The bureau’s current director, Richard Cordray, is an Obama appointee who has advanced regulations opposed by Republicans. GOP members of Congress have called on Trump to fire and replace Cordray, as Trump could do at will if the previous ruling holds up.
Consumer advocate groups and allies of the bureau, a creation of the 2010 Dodd-Frank financial reform law, immediately praised the decision to review the case.

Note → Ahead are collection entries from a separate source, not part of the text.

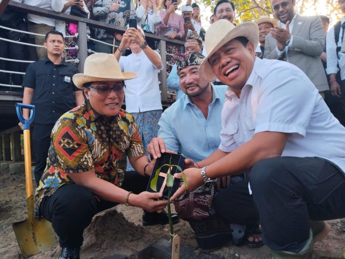 Pj. Gubernur Bali, S.M. Mahendra Jaya bersama Dua Paslon Pilkada Kompak di Penanaman Mangrove Berkah Paus Fransiskus di KEK Kura-Kura Bali, pada Minggu (8/9) sore.
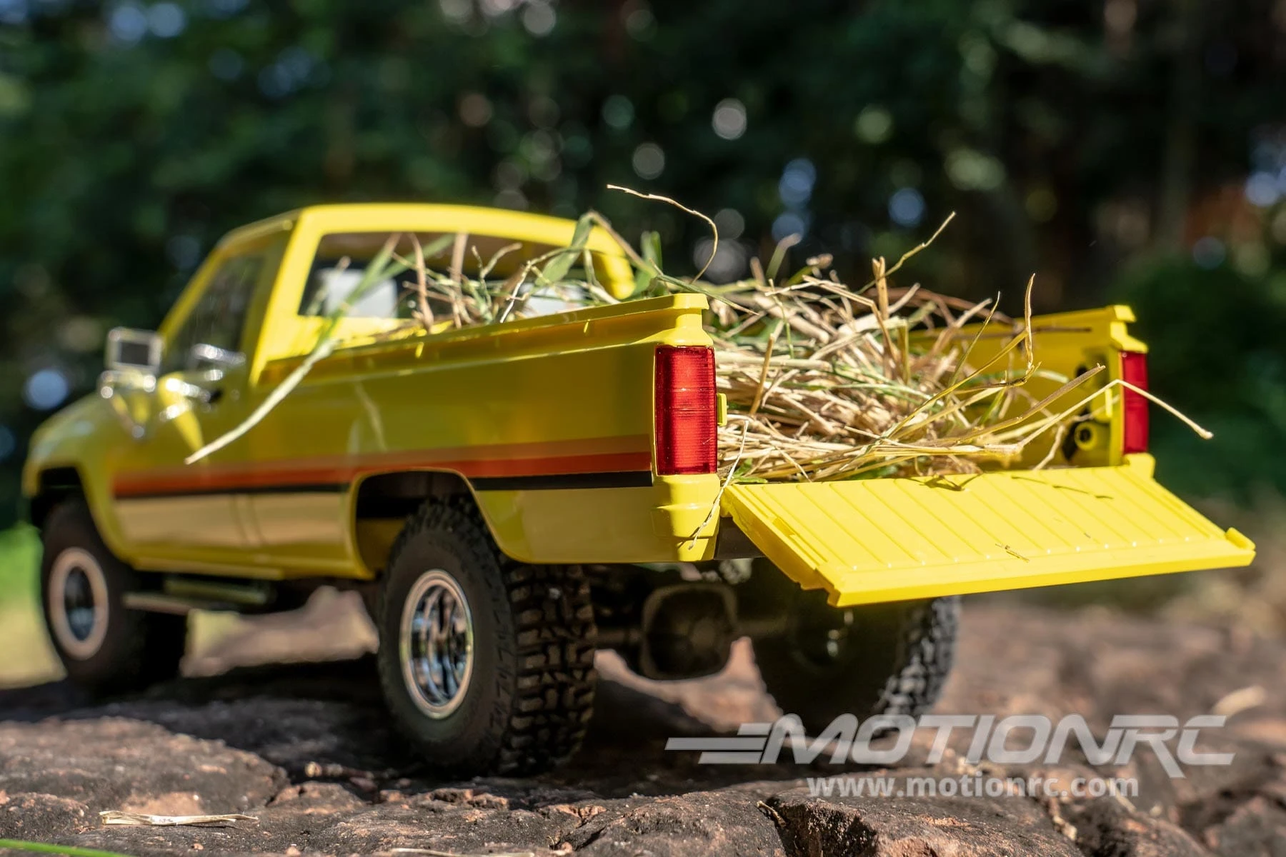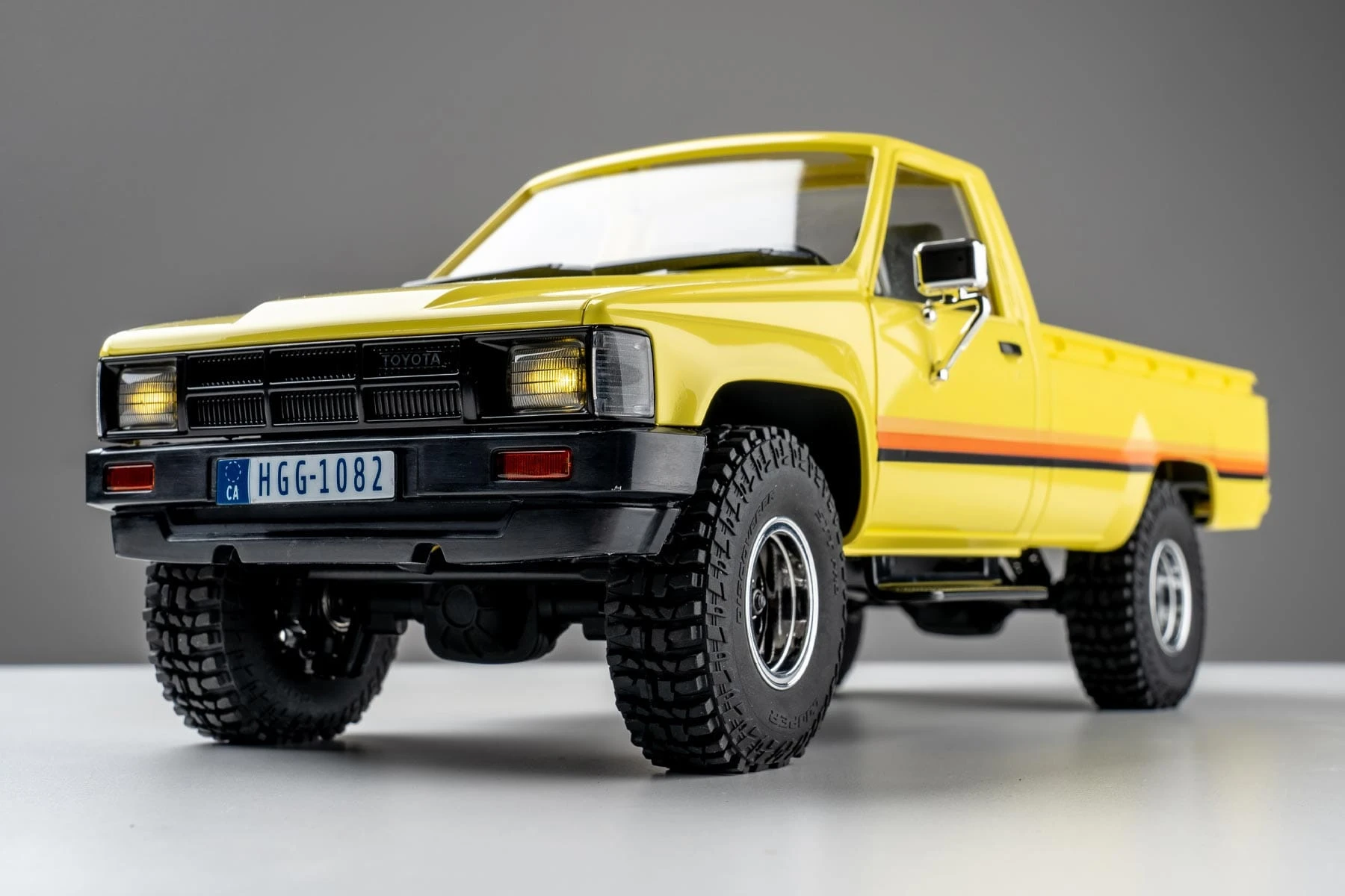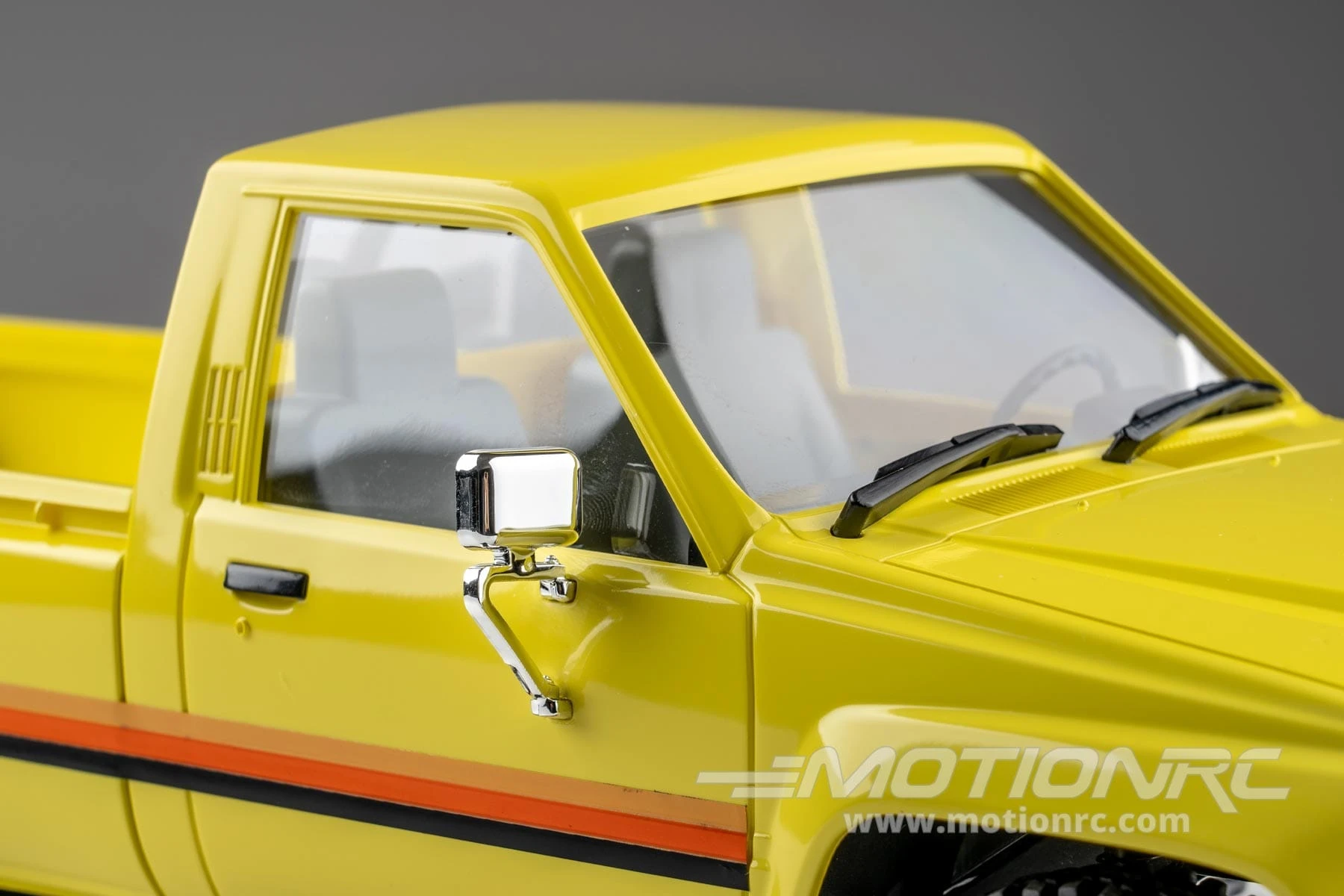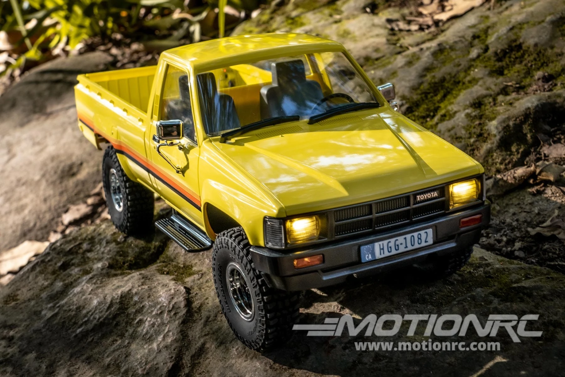 The FMS Toyota Hilux Pickup 1/18 Scale 4WD Crawler RTR from Motion RC is an ideal choice for scale adventure, offering working and static details that create an exceptional modeling experience! This officially-licensed Toyota icon includes features such as realistic LED light set with headlights, turn signals, and brake lights. The injection-molded, rigid plastic body contains scale details such as a model year-accurate (1983) front grille, bumpers, and plated wheels and side mirrors. The opening tailgate provides access to a generous bed that can be filled with your choice of payload or other scale accessories. Even the famous yellow color scheme with tri-color stripe is accurately reproduced and then painted with a protective clear coat to maintain a classic factory appearance. Full interior details include a realistic front seats and dashboard that complement this truly exceptional scale model.
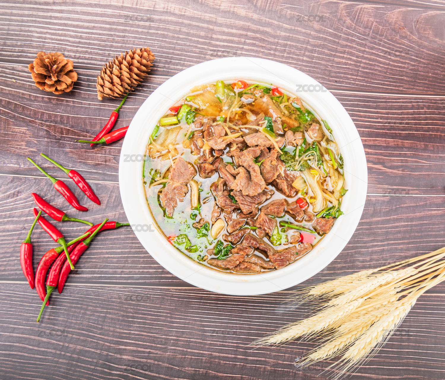水煮牛肉,水煮,牛肉,黄牛肉,白菜,豆芽,中餐,菜肴,香菜,辣椒
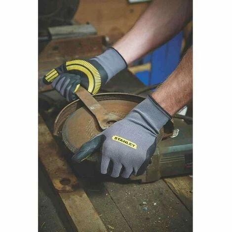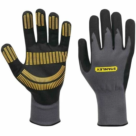 The Stanley SY510 Razor Tread Gripper Gloves have a seamless liner for increased flexibility and comfort. The nitrile-coated, razor-tread patterned palm provides increased grip. Lightweight and breathable with elasticated cuffs for comfort. These gloves are machine washable.

“It is disappointing but not surprising that payday lenders, debt collectors, for-profit colleges, and other powerful industry groups have turned to their allies in Congress and the courts in an effort to weaken the Bureau so they can keep exploiting financially vulnerable Americans,” said Wade Henderson, president and CEO of The Leadership Conference on Civil and Human Rights. “The panel ruling against the Bureau was wrong on the law and wrong for consumers, and we are relieved that the full D.C. Circuit will take this opportunity to get it right.”
Oral hearings before the full court are set for May 24.
Richard Hunt, the head of the Consumer Bankers Association, said the decision to rehear the case “creates further uncertainty regarding the constitutionality of the CFPB.” He called on Congress and the Trump administration to overhaul the bureau through legislation.